◆ Task statement ◆
Among the lines below, the one containing "The Artesà Luxury" opens the range and the one containing "近代以后,中國飽受戰(zhà" closes it. Print that range exactly, without the pictures.

◆ Input for this task ◆
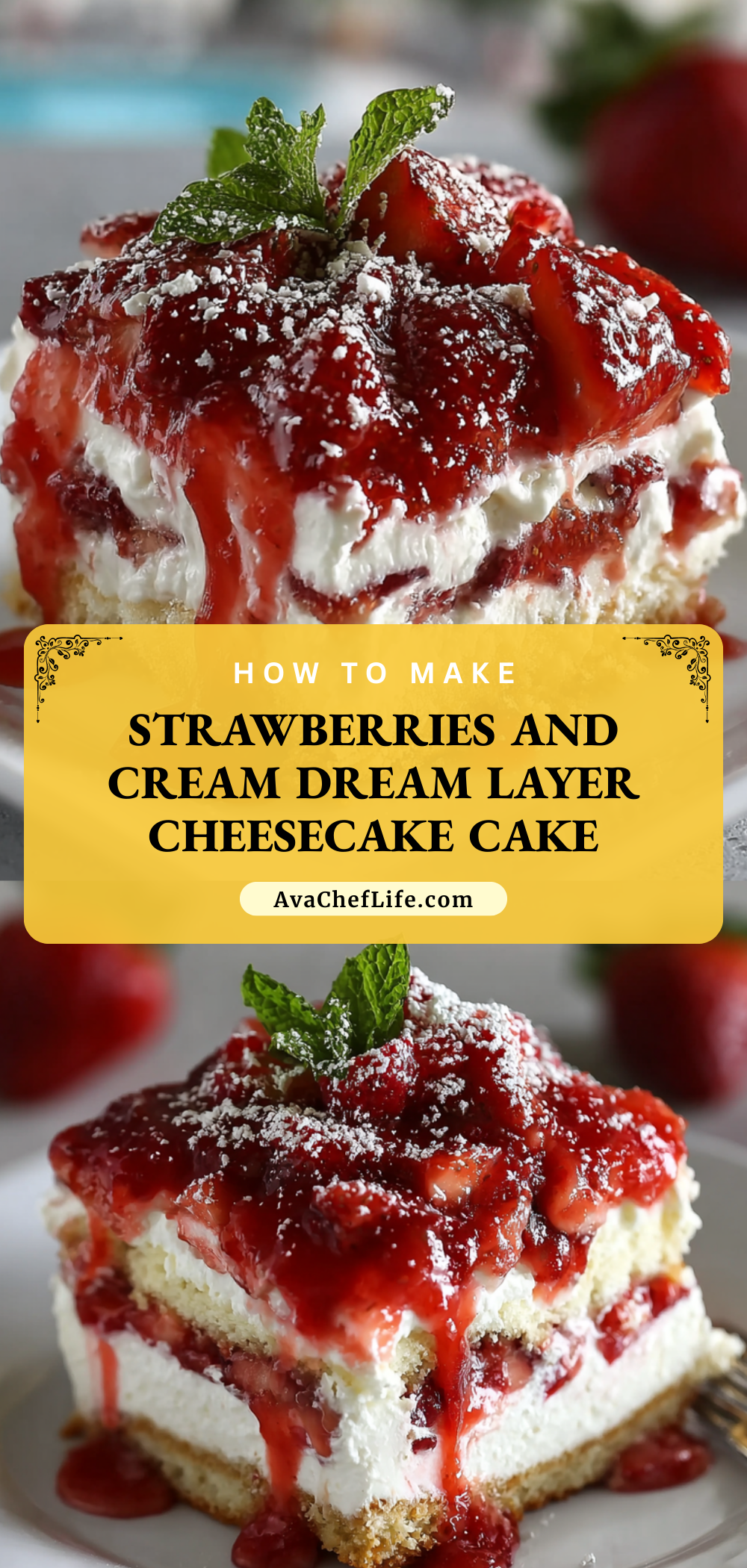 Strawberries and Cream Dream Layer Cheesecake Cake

--

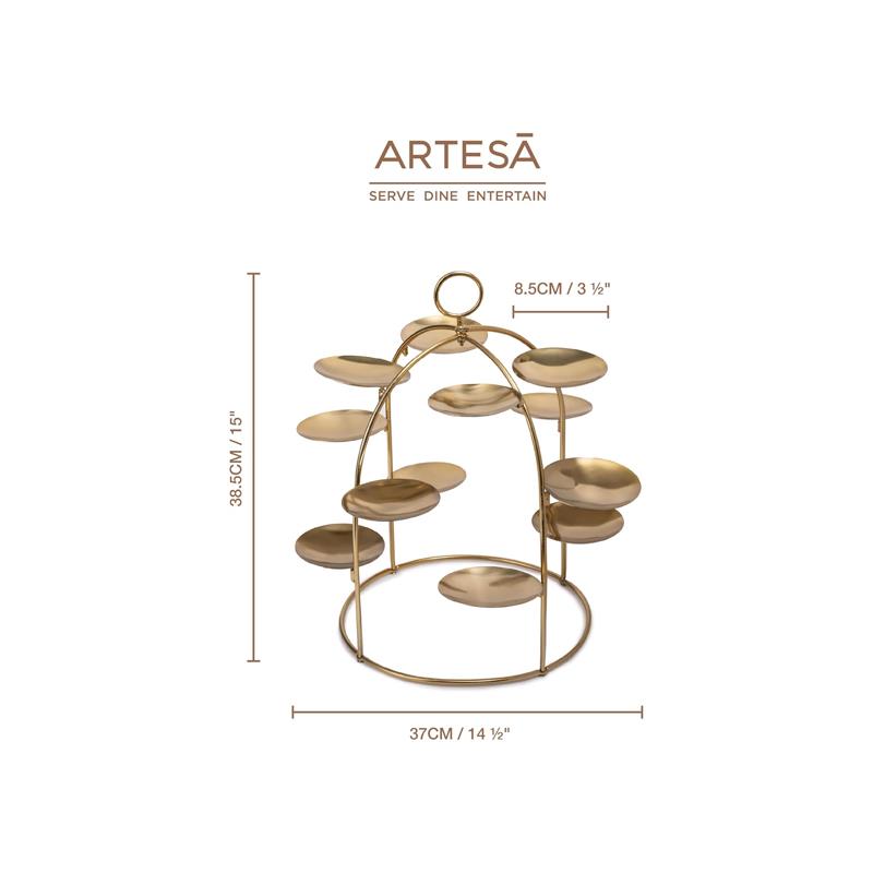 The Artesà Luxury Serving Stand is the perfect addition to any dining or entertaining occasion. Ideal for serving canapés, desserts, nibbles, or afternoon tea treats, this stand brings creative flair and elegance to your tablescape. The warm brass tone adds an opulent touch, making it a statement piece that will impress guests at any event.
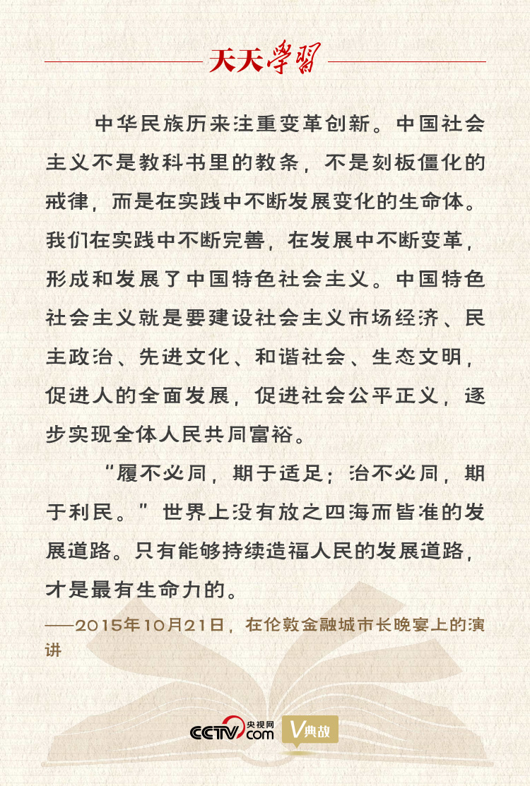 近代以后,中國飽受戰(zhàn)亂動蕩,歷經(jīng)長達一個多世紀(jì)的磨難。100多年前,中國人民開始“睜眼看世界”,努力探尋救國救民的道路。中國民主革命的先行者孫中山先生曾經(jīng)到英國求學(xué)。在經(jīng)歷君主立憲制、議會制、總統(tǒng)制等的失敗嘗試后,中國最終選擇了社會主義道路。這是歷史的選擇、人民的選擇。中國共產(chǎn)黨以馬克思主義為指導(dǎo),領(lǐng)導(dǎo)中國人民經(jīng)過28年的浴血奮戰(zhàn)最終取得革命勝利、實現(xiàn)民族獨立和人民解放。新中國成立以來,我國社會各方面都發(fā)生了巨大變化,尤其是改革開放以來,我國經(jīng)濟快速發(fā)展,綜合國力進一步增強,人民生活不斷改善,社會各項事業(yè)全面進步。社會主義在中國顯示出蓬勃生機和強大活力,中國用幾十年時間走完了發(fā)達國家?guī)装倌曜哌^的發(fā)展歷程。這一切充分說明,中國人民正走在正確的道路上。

---

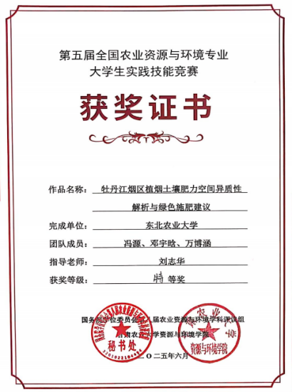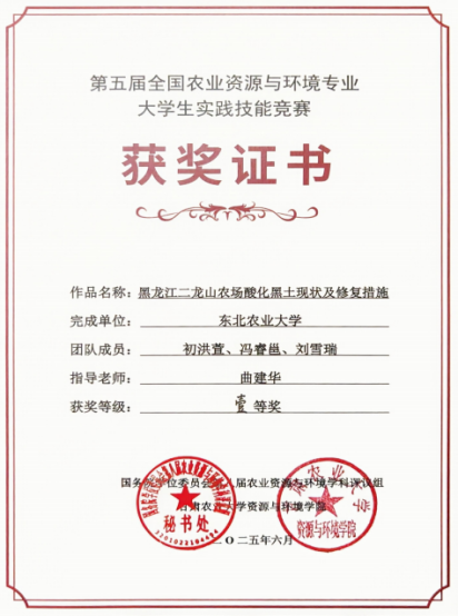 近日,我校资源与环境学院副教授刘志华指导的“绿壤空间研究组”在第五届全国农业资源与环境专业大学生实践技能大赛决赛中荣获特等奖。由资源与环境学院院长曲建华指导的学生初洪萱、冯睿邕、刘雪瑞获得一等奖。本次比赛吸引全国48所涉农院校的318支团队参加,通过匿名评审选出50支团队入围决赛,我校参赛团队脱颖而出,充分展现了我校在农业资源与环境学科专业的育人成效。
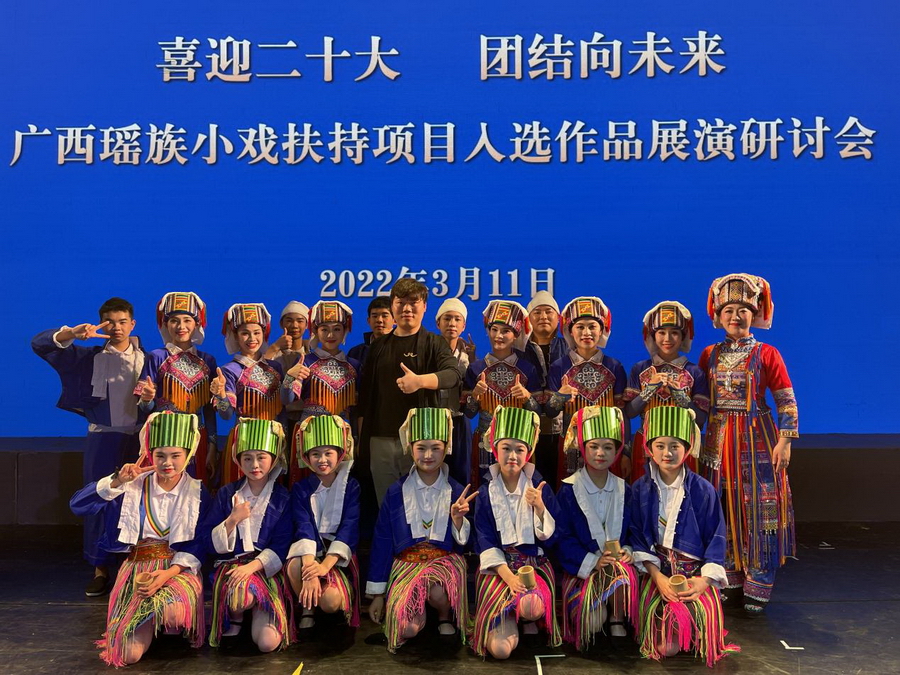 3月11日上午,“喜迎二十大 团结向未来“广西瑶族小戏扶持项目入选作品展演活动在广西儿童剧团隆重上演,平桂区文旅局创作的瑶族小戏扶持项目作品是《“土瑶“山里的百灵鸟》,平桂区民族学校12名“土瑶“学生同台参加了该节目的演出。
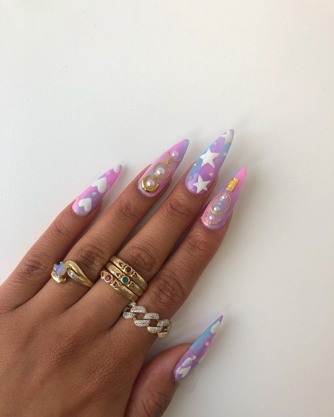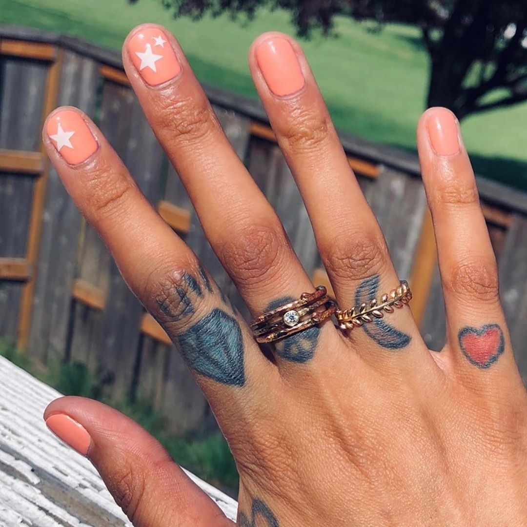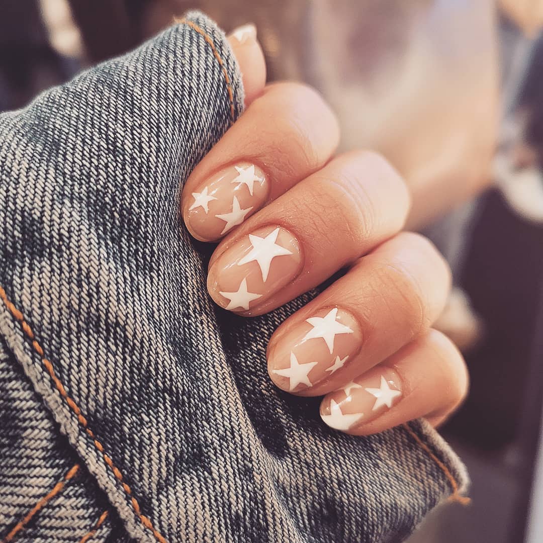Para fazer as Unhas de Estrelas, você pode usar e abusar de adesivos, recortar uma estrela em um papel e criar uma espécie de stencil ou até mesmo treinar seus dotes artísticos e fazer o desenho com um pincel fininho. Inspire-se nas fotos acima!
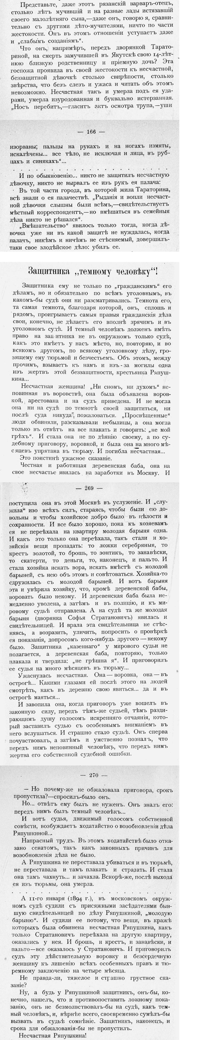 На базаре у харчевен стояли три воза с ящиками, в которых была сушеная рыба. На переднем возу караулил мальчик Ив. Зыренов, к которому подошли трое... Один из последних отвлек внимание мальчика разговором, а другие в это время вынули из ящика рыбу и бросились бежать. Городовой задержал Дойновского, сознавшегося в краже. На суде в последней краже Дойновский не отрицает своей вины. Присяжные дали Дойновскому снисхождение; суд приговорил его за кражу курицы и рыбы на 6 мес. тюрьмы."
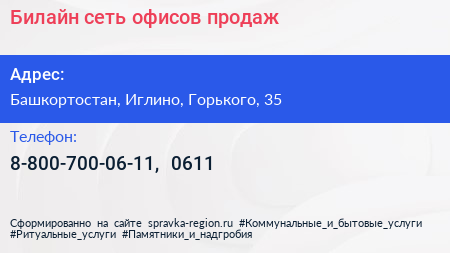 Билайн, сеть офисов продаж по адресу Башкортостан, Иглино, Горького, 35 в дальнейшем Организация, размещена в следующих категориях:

◆ Response below ◆
 The Artesà Luxury Serving Stand is the perfect addition to any dining or entertaining occasion. Ideal for serving canapés, desserts, nibbles, or afternoon tea treats, this stand brings creative flair and elegance to your tablescape. The warm brass tone adds an opulent touch, making it a statement piece that will impress guests at any event.
 近代以后,中國飽受戰(zhàn)亂動蕩,歷經(jīng)長達一個多世紀(jì)的磨難。100多年前,中國人民開始“睜眼看世界”,努力探尋救國救民的道路。中國民主革命的先行者孫中山先生曾經(jīng)到英國求學(xué)。在經(jīng)歷君主立憲制、議會制、總統(tǒng)制等的失敗嘗試后,中國最終選擇了社會主義道路。這是歷史的選擇、人民的選擇。中國共產(chǎn)黨以馬克思主義為指導(dǎo),領(lǐng)導(dǎo)中國人民經(jīng)過28年的浴血奮戰(zhàn)最終取得革命勝利、實現(xiàn)民族獨立和人民解放。新中國成立以來,我國社會各方面都發(fā)生了巨大變化,尤其是改革開放以來,我國經(jīng)濟快速發(fā)展,綜合國力進一步增強,人民生活不斷改善,社會各項事業(yè)全面進步。社會主義在中國顯示出蓬勃生機和強大活力,中國用幾十年時間走完了發(fā)達國家?guī)装倌曜哌^的發(fā)展歷程。這一切充分說明,中國人民正走在正確的道路上。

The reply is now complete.